PROBLEM – Shown below are entries with pictures; the line with "A pair of Mappin" through the line with "The set offers" is the span to retype exactly, and the pictures stay out.

SOURCE DATA –

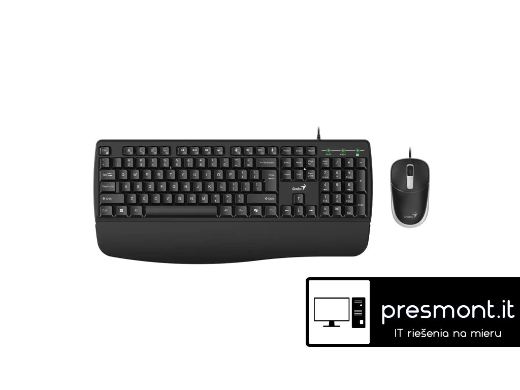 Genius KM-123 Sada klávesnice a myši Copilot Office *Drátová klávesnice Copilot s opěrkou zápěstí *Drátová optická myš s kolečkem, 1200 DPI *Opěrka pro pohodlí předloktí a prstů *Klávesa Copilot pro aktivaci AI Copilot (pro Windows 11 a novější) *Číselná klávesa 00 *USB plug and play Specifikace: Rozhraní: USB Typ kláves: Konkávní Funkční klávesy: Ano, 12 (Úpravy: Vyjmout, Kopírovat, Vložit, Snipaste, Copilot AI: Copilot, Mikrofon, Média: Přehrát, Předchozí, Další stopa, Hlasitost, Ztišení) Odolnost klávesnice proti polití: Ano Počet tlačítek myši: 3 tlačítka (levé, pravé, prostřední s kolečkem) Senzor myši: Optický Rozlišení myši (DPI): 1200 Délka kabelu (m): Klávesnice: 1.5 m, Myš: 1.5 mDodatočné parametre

* * *

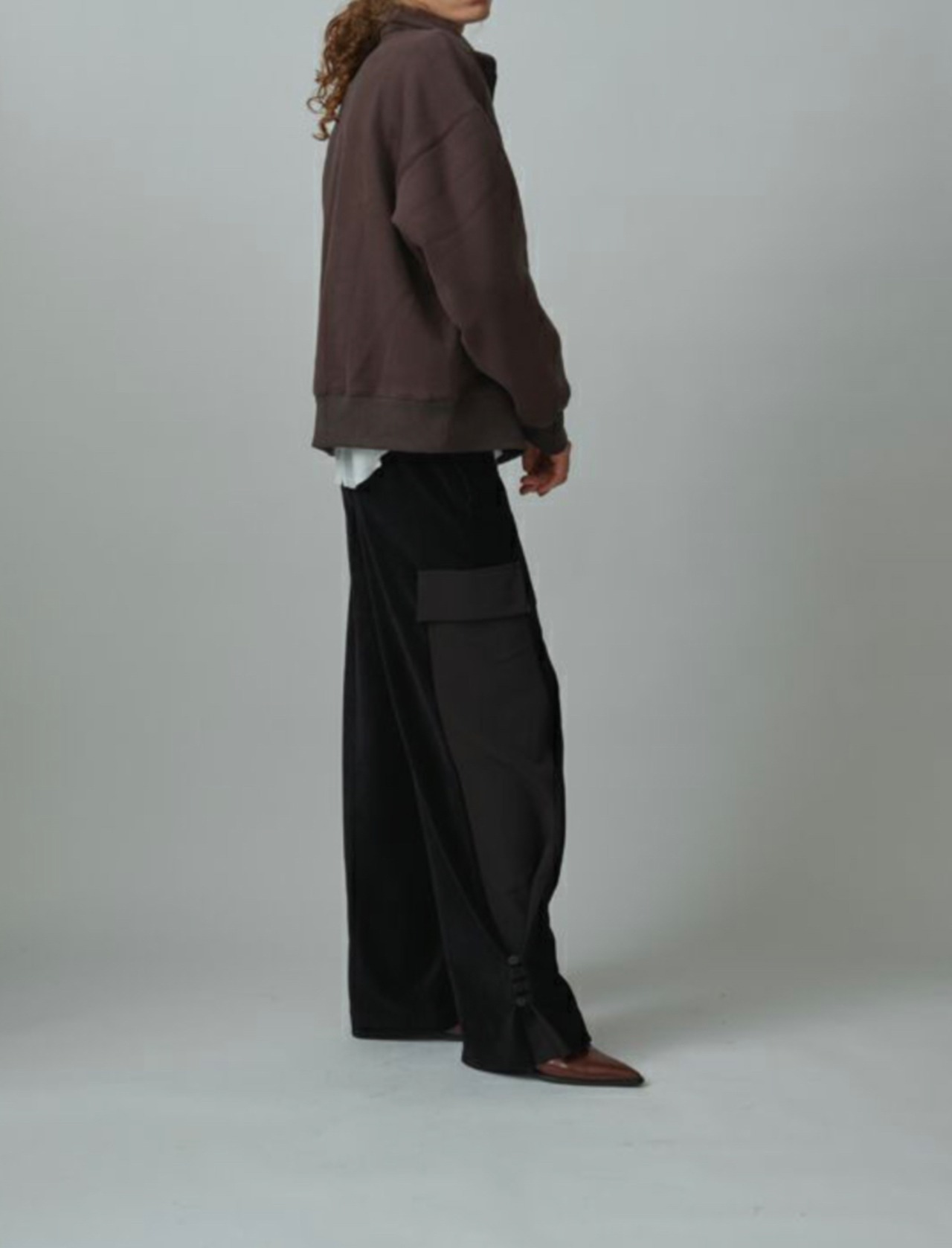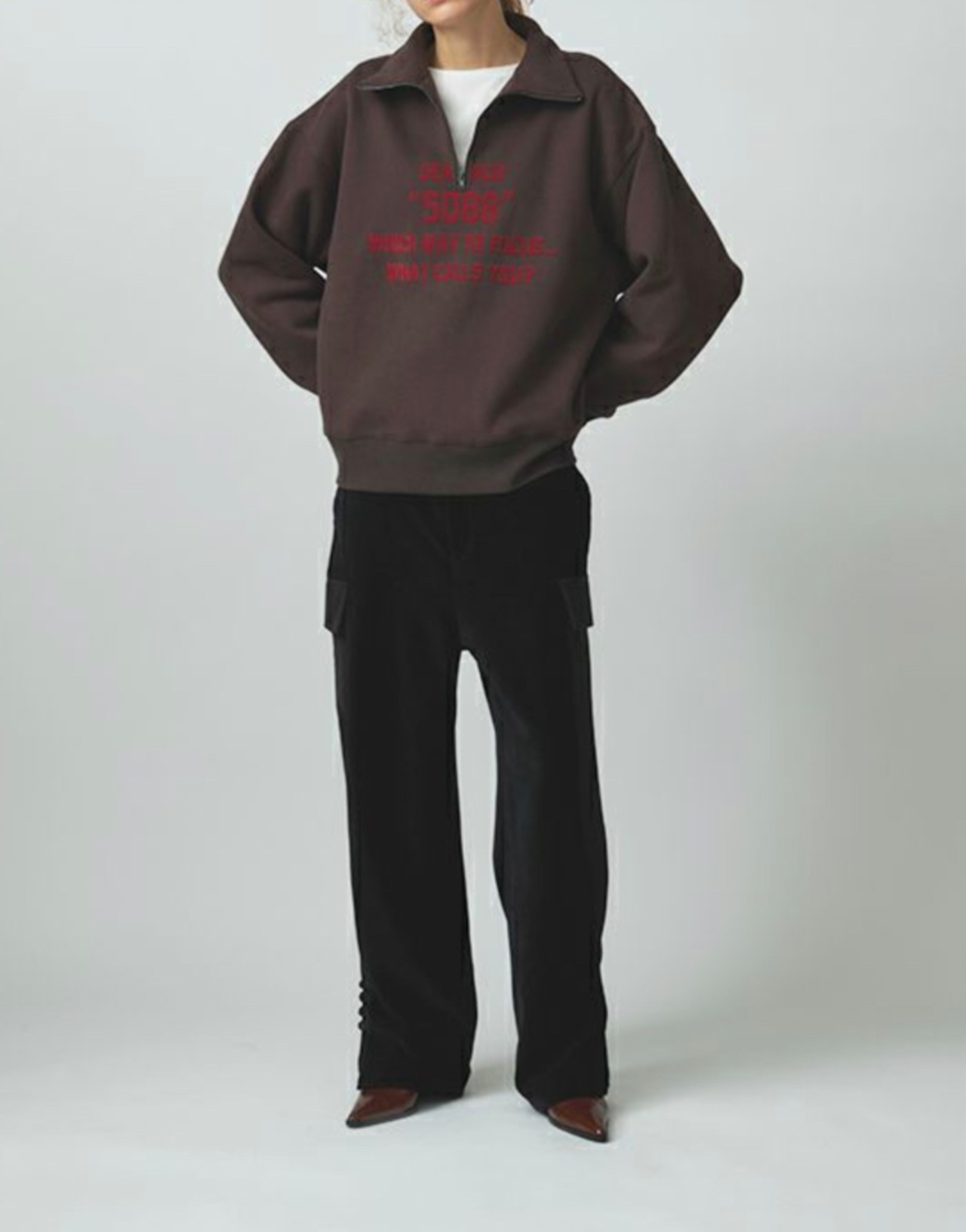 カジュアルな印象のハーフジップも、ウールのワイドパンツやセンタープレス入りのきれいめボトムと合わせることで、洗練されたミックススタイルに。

* * *

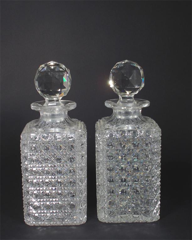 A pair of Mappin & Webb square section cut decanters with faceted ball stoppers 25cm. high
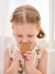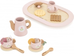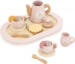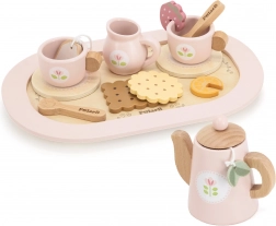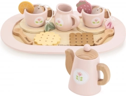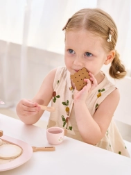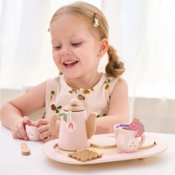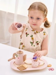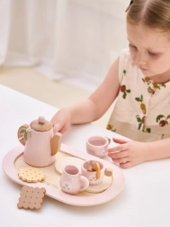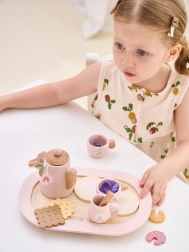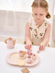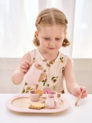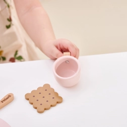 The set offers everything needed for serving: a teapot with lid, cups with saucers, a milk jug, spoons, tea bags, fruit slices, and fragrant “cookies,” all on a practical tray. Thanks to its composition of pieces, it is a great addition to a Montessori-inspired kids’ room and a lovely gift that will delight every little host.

EXERCISE ANSWER –
 A pair of Mappin & Webb square section cut decanters with faceted ball stoppers 25cm. high
 The set offers everything needed for serving: a teapot with lid, cups with saucers, a milk jug, spoons, tea bags, fruit slices, and fragrant “cookies,” all on a practical tray. Thanks to its composition of pieces, it is a great addition to a Montessori-inspired kids’ room and a lovely gift that will delight every little host.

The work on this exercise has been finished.